Впрочем, смотрит он уже не в микроскоп. И не на меня, а чуть выше. На кого-то, кого я не вижу. На кого-то, кто стоит у меня за спиной.
— Осторожно, Ника, он говорит беззвучно, одними губами. — Постарайся не двигаться. Постарайся совсем не двигаться.
Я не двигаюсь. Но я чувствую, как что-то холодное, твердое, тонкое упирается мне в затылок, а потом спускается вниз, вдоль шеи, вдоль позвоночника… У животных в моменты страха встает дыбом шерсть, благодаря этому они кажутся больше. У меня шерсти нет. Биологическое несовершенство. Все, что я могу, это застыть и покрыться мурашками. И следить за его лицом, за выражением его глаз. На какое-то время его глаза становятся для меня единственным доступным органом чувств.
А потом у меня за спиной звучит голос. Резкий, похожий на стон издыхающей птицы:
— Подайте слепой старухе! Уже целую вечность я не пила и не ела! Вечность!

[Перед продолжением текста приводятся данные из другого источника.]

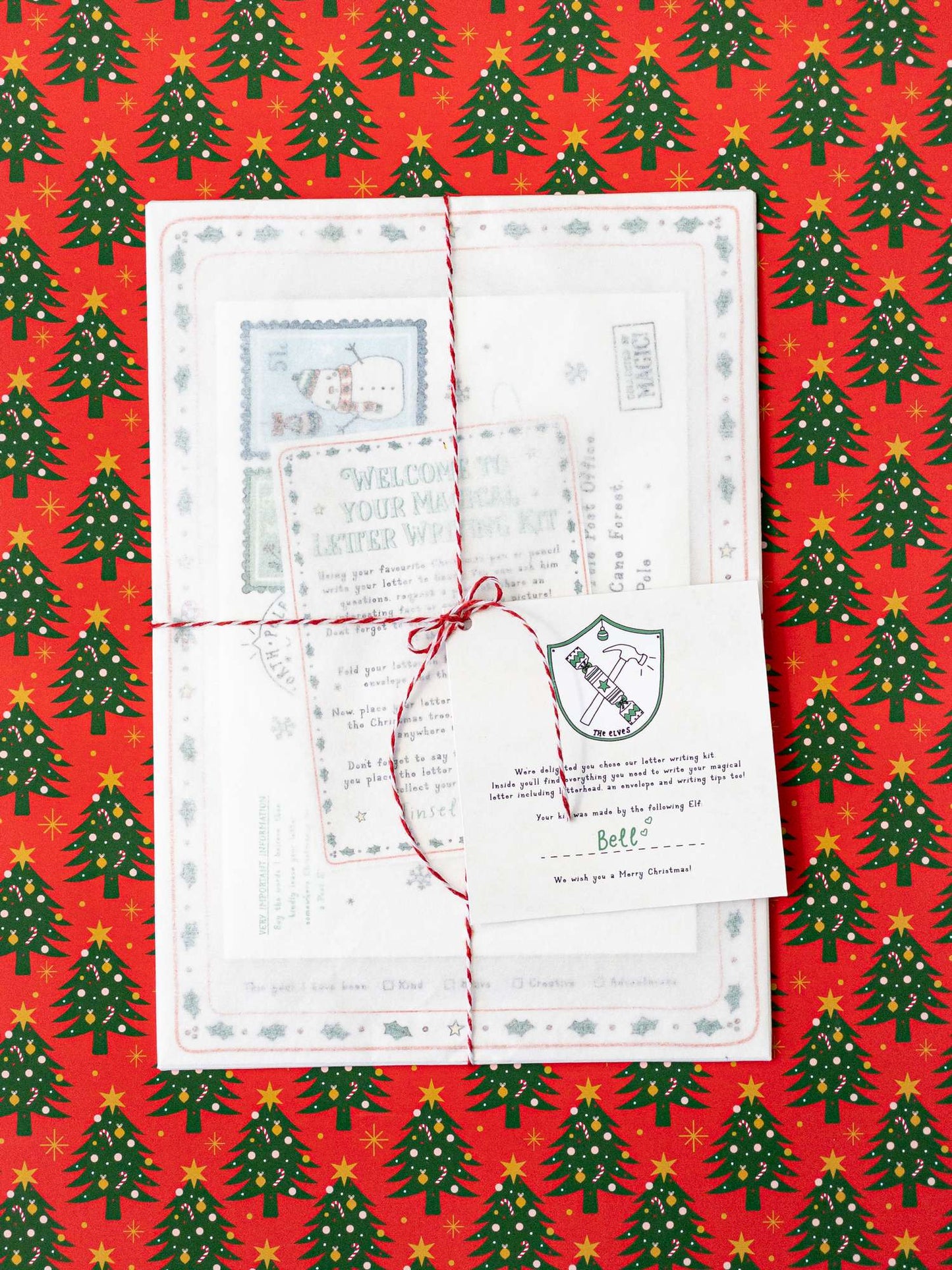 Each letter writing kit comes wrapped in tissue paper and tied up with red and white bakers twine.

Die Ewigkeit!
Я оборачиваюсь — нищая старуха в безразмерном рваном плаще, в темных очках с растрескавшимися пластмассовыми кругляшками в оправе, метит мне прямо в лицо своей длинной клюкой. Я уклоняюсь — и она попадает металлическим наконечником аккурат в стакан Эрвина.
— …Кто-нибудь из вас знает, что значит вечность? Ewigkeit — кто-нибудь в курсе, как пишется это слово?…

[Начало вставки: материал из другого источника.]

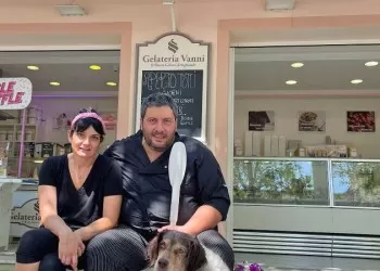 Laura, Daniele e Zeus Gelateria Vanni: nasce l'Happy bau, il gusto per cani. Novità assoluta a Misano Adriatico dove ...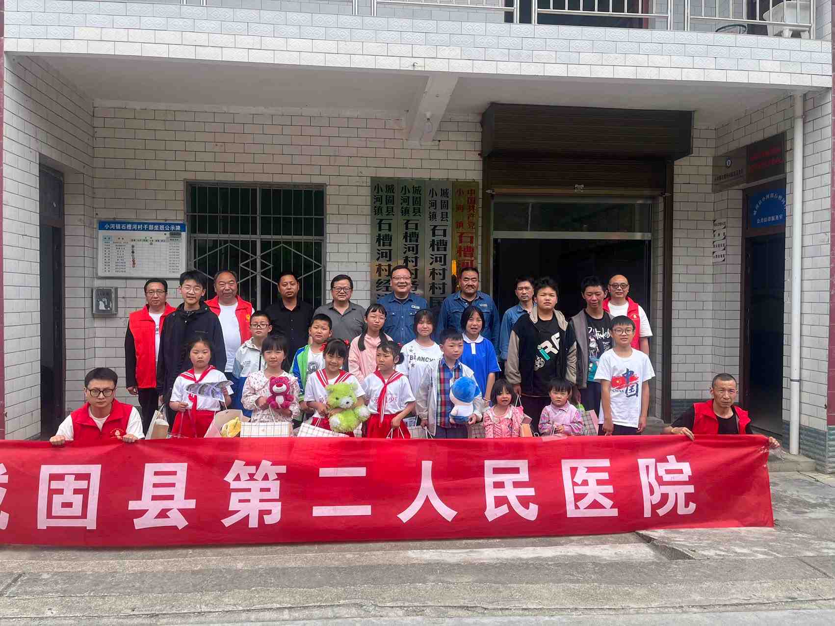 “六一”来临之际,城固县第二人民医院到石槽河为孩子们送去书本、文具等慰问品。

Стакан Эрвина опрокидывается со стола, разлетается по асфальту осколками льда и стекла. Старуха размахивает в воздухе своей палкой и суетливо приплясывает.

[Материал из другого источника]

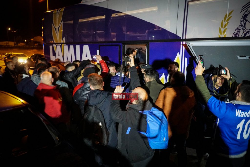 Με το σύνθημα «Κύπελλο – Κύπελλο, στο κάστρο να το δω», οι οπαδοί της ομάδας αποθέωσαν την αποστολή του ΠΑΣ Λαμία, που επέστρεψε στην πόλη λίγο πριν από τη 01.00 μετά τα μεσάνυχτα.

— …Allmöchtiger Gott! Если б только мои глаза могли видеть! Я бы выложила из этих осколков у ваших ног слово «вечность»! Но я слепа! Подайте слепой старухе! Уже целую вечность я не ела и не пила!..
Эрвин дает старухе два евро, и она удаляется. Она бредет вниз по Кёнигштрассе, бормоча себе что-то под нос и тыча палкой в прохожих. Эрвин смотрит ей вслед. Потом проводит рукой по моим волосам. А потом просто встает и уходит. Не прощаясь. Не оборачиваясь. Ничего не сказав.
Я смотрю, как он уходит все дальше и дальше. У него длинные ноги, и он очень быстро идет. У него в руках невидимый поводок. Он идет, а поводок все больше натягивается. Один конец у него, а к другому пристегнута я.
Когда он сворачивает за угол, когда я перестаю его видеть, когда поводок вдруг рвется, это становится окончательно невыносимо. Я понимаю, почему собаки плюют на команду «ждать», когда теряют из вида хозяина. Я понимаю, почему они срываются с места и бегут, размахивая хвостом и свесив набок язык.
Я опускаюсь на корточки и провожу рукой по осколкам его стакана. На слово Ewigkeit здесь явно не хватит, но на первую букву — вполне.
Потные официантки и потные посетители наблюдают, как из маленьких острых стеклышек я выкладываю на асфальте первую букву вечности и его имени.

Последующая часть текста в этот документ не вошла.